I actually have the exact problem as Lukas. I registered the RFM95W + arudino pro mini succesfully via OTAA but it doesn’t send any messages (stuck at EV_JOINING). Furthermore the same setup does work if I use ABP. In addition I also have a working setup with OTAA and the RN2483. I am unsure what the problem is.

I just discovered that messages are actually being send, only after a (yet) inexpiable long time (approximately 15 min).

Starting
Packet queued
405: EV_JOINING
38257442: EV_JOINED
42179989: EV_TXCOMPLETE (includes waiting for RX windows)
Packet queued
44133708: EV_TXCOMPLETE (includes waiting for RX windows)
Packet queued
46215066: EV_TXCOMPLETE (includes waiting for RX windows)
Packet queued

325: EV_JOINING
55224904: EV_JOINED
60192041: EV_TXCOMPLETE (includes waiting for RX windows)
Packet queued
64292173: EV_TXCOMPLETE (includes waiting for RX windows)
Packet queued

1 Like

Hi Kibet,

The successfull access through OTAA with LMIC was on a RaspBerryPi.

I have now done some testing with an Arduino and the LMIC software from @matthijs (https://github.com/matthijskooijman/arduino-lmic).
This works with the original AES implementation. I do see very varying JOIN times, in the order of 1-3 minutes, which I find very slow.

(BTW I also tested OTAA with the alternative AES implementations @matthijs presented; With those AES versions OTAA does not seem to work at all. I’m still looking at that.)

Ernst

1 Like

Any idea if your nodes have a good connection? The duty cycle for join requests is less than 0.1% (at least for EU). So I guess retries, and falling back to lower data rates, will indeed imply a lot of waiting.

Awesome, I’ve just tested it, and patience is the key :smile:

Thanks a lot everyone!!

Yeah the node is 30 meters away from the gateway. With ABP it has always been a good connection, even at a distance of 1.5 km. Same goes for the RN2483 with OTAA, which instantly joins. Thus something different happens when I try the RFM95W with OTAA and this library. It could be that it fails to join and retries at a lower datarate, however this shouldn’t be necessary as the connection is good.

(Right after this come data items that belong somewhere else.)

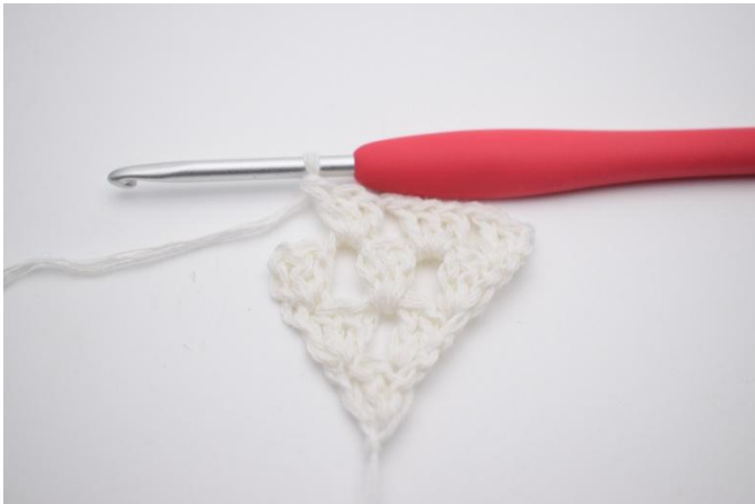
5. Lag 1 lm, og i neste lm-mellomromm hekles det enda 1 stv gruppe.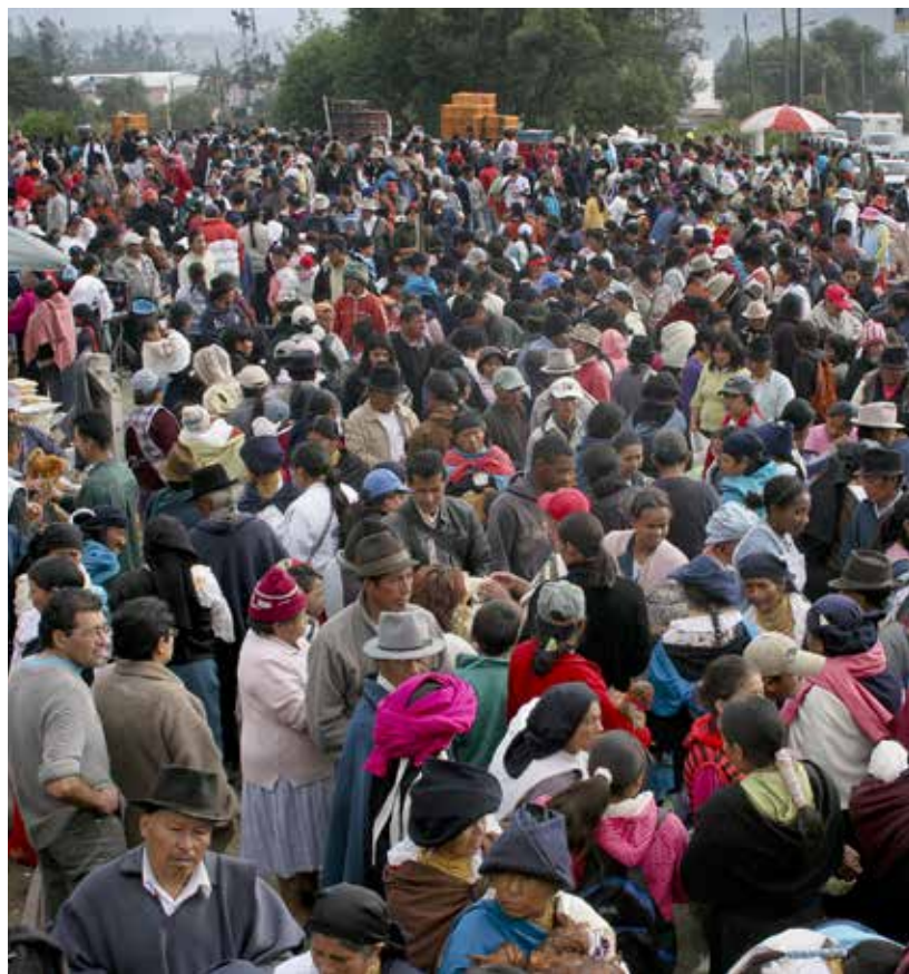
Targ w Otavalo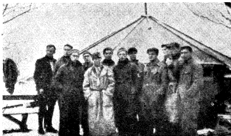
De siste på skansen i Kirkenes før de undertegnet erklæringen om medlemskap i Lærersambandet og etter at de hadde hjulpet Terboven i kampen mot Quisling.

Lærerne tror øyensynlig at de har kjempet mot Reichskommissar Terboven og mot tyskerne, og de tror at de har gjort en innsats for Norges «frigjøring» under krigen i 1942. De har også klart å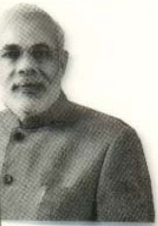
નરેન્દ્ર મોદી, પ્રધાન મંત્રી, ગુજરાત રાજ્ય

એક વર્ષ સુધી ચાલનારા સ્વર્ણિમ ગુજરાત ઉજવણી ઉત્સવમાં સહભાગી થઈએ.

In the LoRaWAN 1.0 specification the duty cycle for joins in EU is indeed 0.1%. So if the initial joins fails for whatever reason, it will take a long time before it sends another attempt.

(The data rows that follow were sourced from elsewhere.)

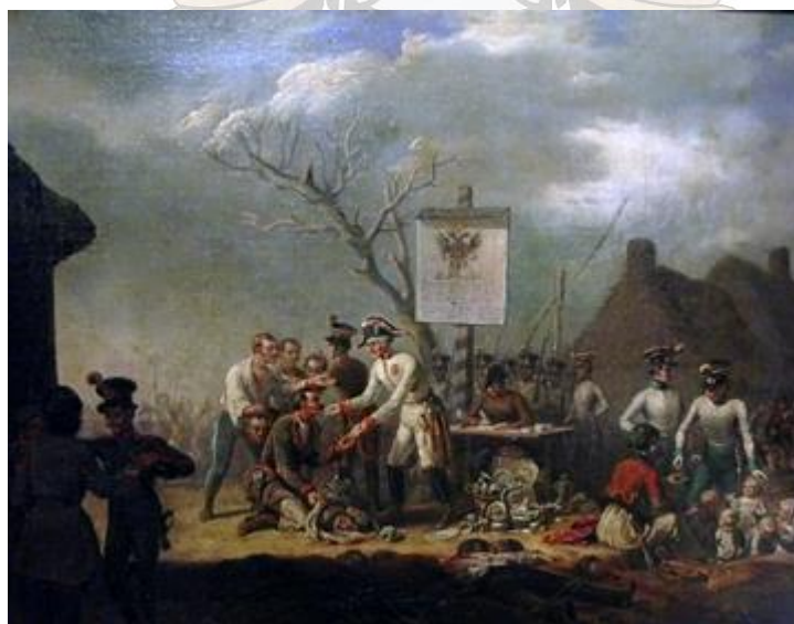
Rzeź Galicyjska 19 luty (początek) A.D.1846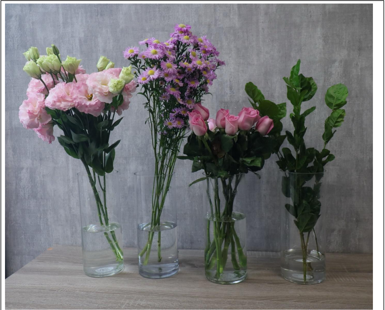
圖 2：花材整理後範例，留意去除葉片比例，與整理後花況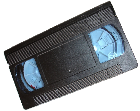
Resim 1.13: VHS Kaset

S-VHS'ler 1 saniyede 25 resim ve 550 ile 625 satır tarama frekansına sahiptir. Yarı profesyonel özelliğe sahip olduğu için VHS ve S-VHS kameralarda amatörler için iyi kalite de video kayıtları sağlar.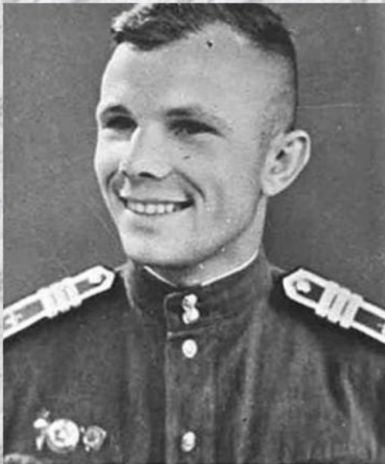
Юрий Гагарин - курсант авиационного училища - в военной форме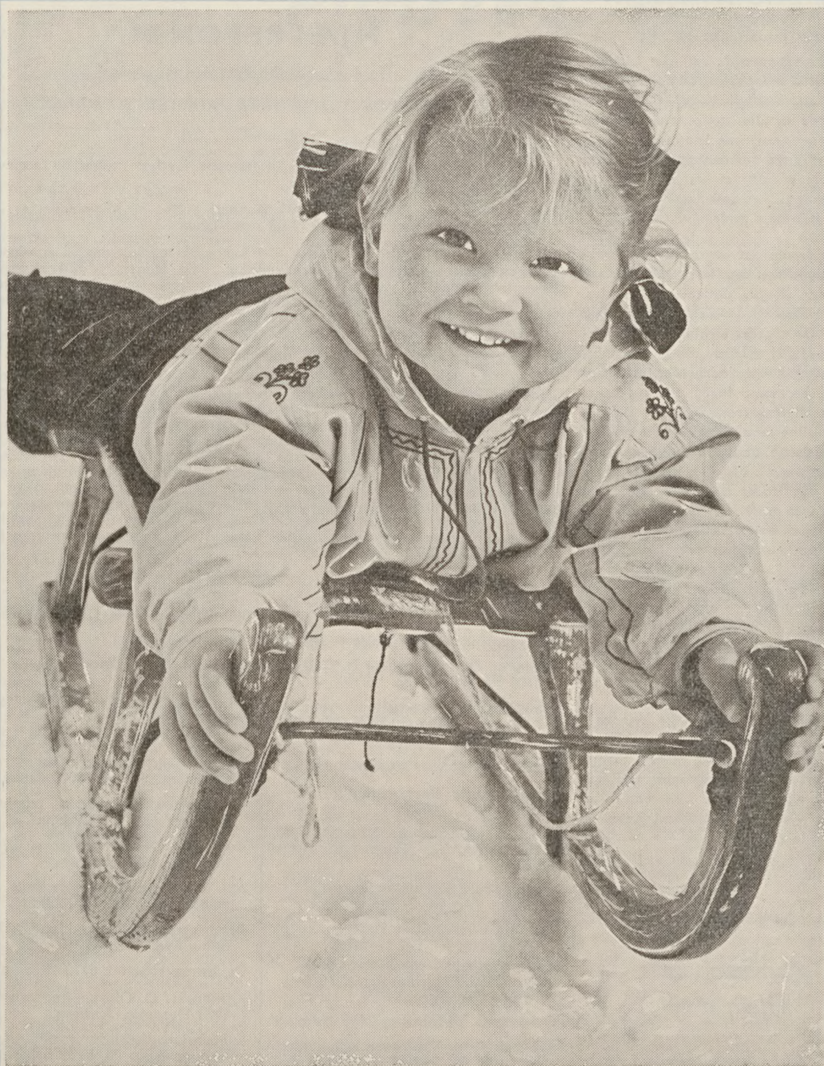
Vinterglæde i vinterkulde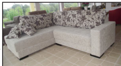
Sofás com valores e condições especiais neste final de semana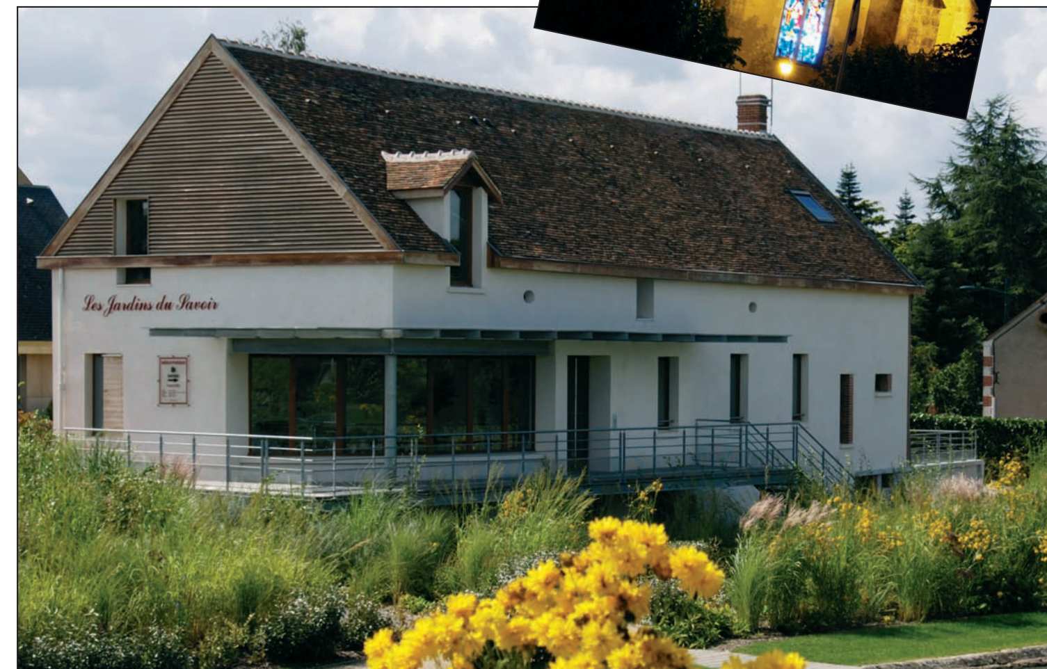
Les Jardins du Savoir - Médiathèque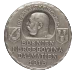
ex 4199 (1:1)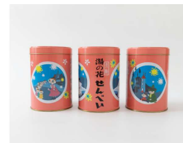
菟野町 『MOOMIN 湯の花せんべい』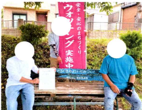
老朽化したベンチを発見(桜野)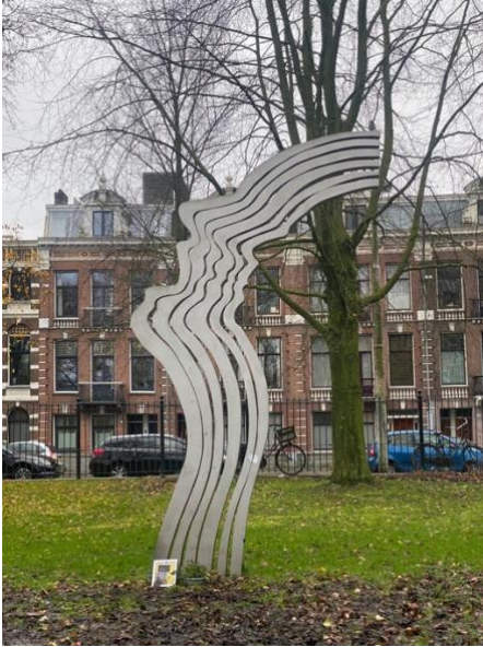
Het beeld De Schreeuw van Jeroen Henneman.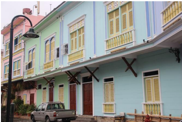
Fig. 1 Viviendas rehabilitadas en Quito.

Existen importantes ejemplos donde se han dedicado recursos a la preservación de los bienes patrimoniales para la conservación de sus centros históricos y de su hábitat. Entre ellos tenemos la ciudad de Quito, Ecuador (Fig.1) y la de Madrid, España (Fig.2); los esfuerzos hechos en ambos centros metropolitanos para revertir la difícil situación que ostenta el hábitat en esas localidades, con la puesta en marcha de programas de rehabilitación que subvencionan intervenciones en viviendas con población de escasos recursos económicos y la recuperación del patrimonio, son un patrón a seguir dentro de este tipo de procesos, como recurso para mejorar las condiciones de vida de la población.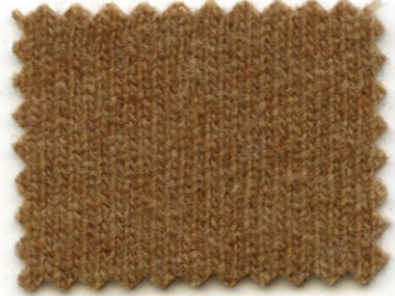
2142 ● fulvo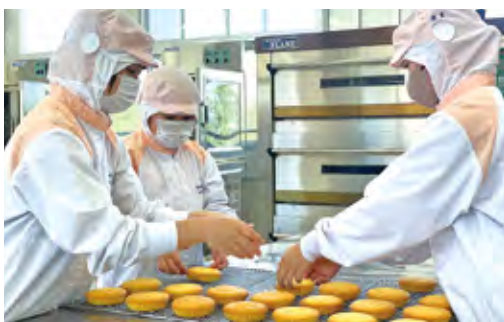
食品製造(マドレーヌ)

The LoRaWAN 1.0.1 update has relaxed this limitation to 1% join duty cycle in the first hour.

The reason for missing some join (accepts) is probably because the TTN backend can respond in the RX2 window and then uses data rate SF9. This is not compliant, and I just opened an issue for it. Before the join, the backend should respond with the LoRaWAN default values (=SF12 for RX2), and then it can change from the defaults by setting the new configuration parameters in the join accept message. After the join accept, it can then use the TTN values (=SF9 for RX2).

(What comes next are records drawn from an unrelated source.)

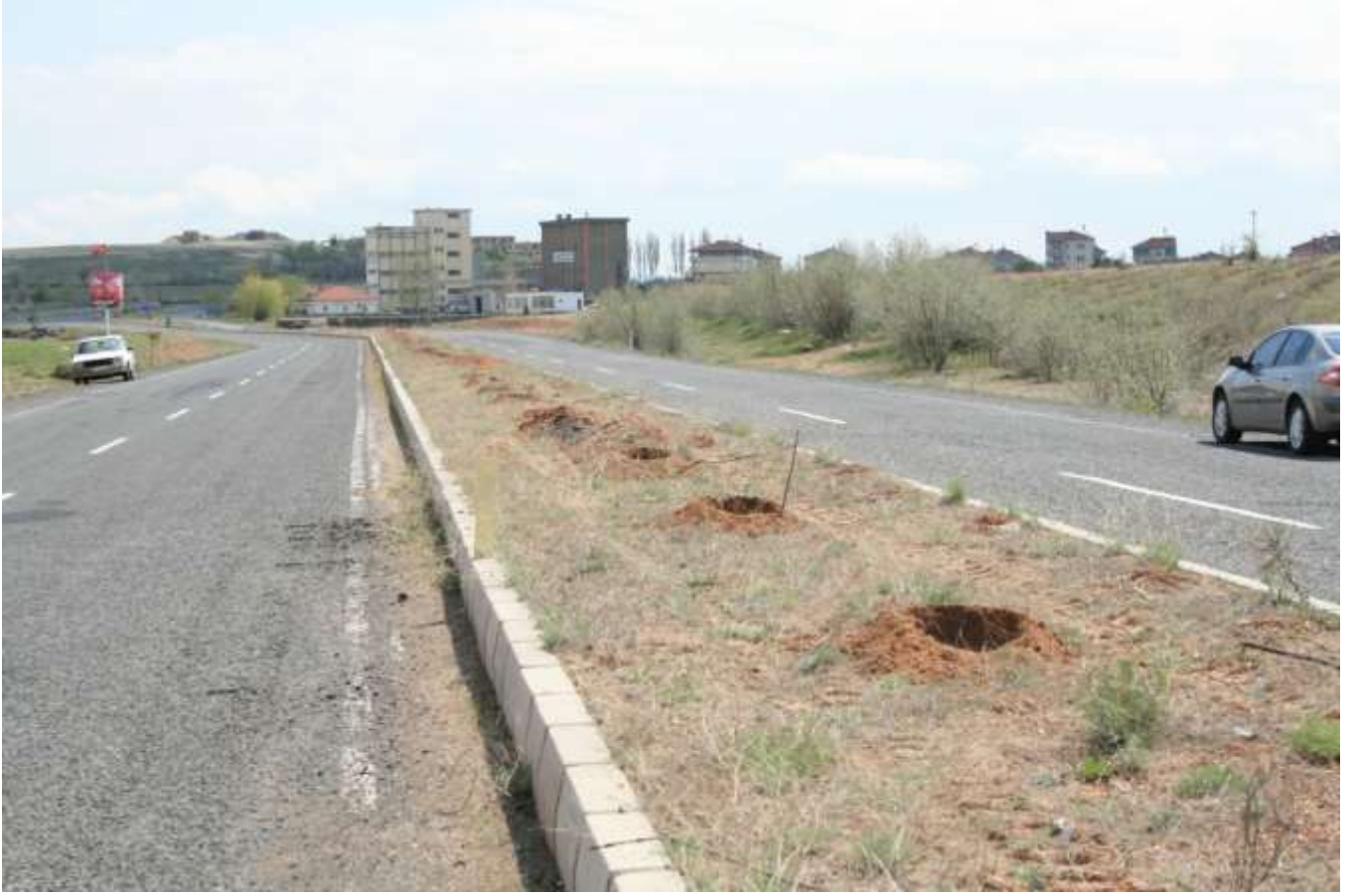
Yol Kenarı Çalışması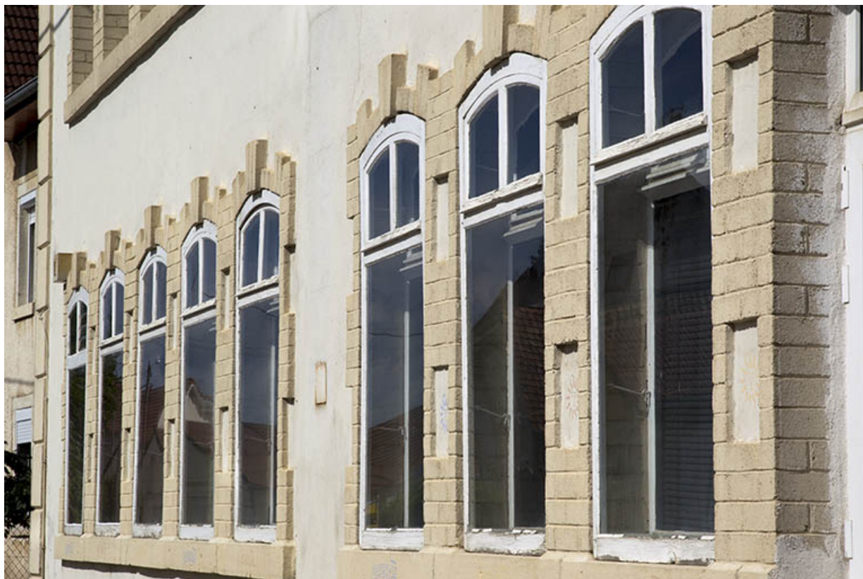
Façade antérieure : fenêtres multiples du rez-de-chaussée vue en enfilade. 25, Charquemont, 11 rue de l'Église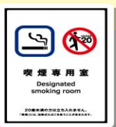
「喫煙室」の 出入口に 貼るもの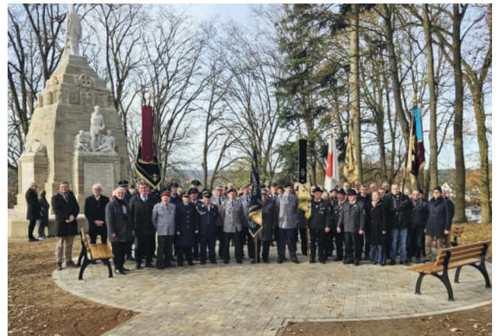
Gedenkfeier zum Volkstrauertag in Windsbach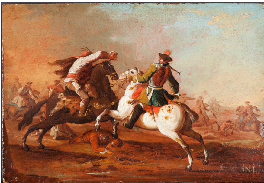
Pr647 / Ein Reitergefecht

Also note that LMiC based end-node could miss a join accept because of incorrect RX slot timing, if your code does other stuff than just LMiC.

2 Likes

I guess you know, so just to be sure/for future readers: with ABP no join request is sent at all. Instead, all keys needed for the communication are already programmed into the node, hence no need for any join sequence.

1 Like

You are right, that was a poor choice of words. I changed it.

@Thomas

think you are (partially) right. When I changed the duty cycle form 0.1% to 1% the joining process was faster. However as expected, it still isn’t instantaneously. If the node retries to join at a lower data rate, is there anyway to see at which datarate it is trying or at which is successfully joined?

Furthemore changing RX2 window to SF9 or leaving it at SF12 (default) didn’t seem to make a difference.

LMIC.dn2Dr = SF9;

btw my code doesn’t do anything else then sending, it is pretty much the default example code.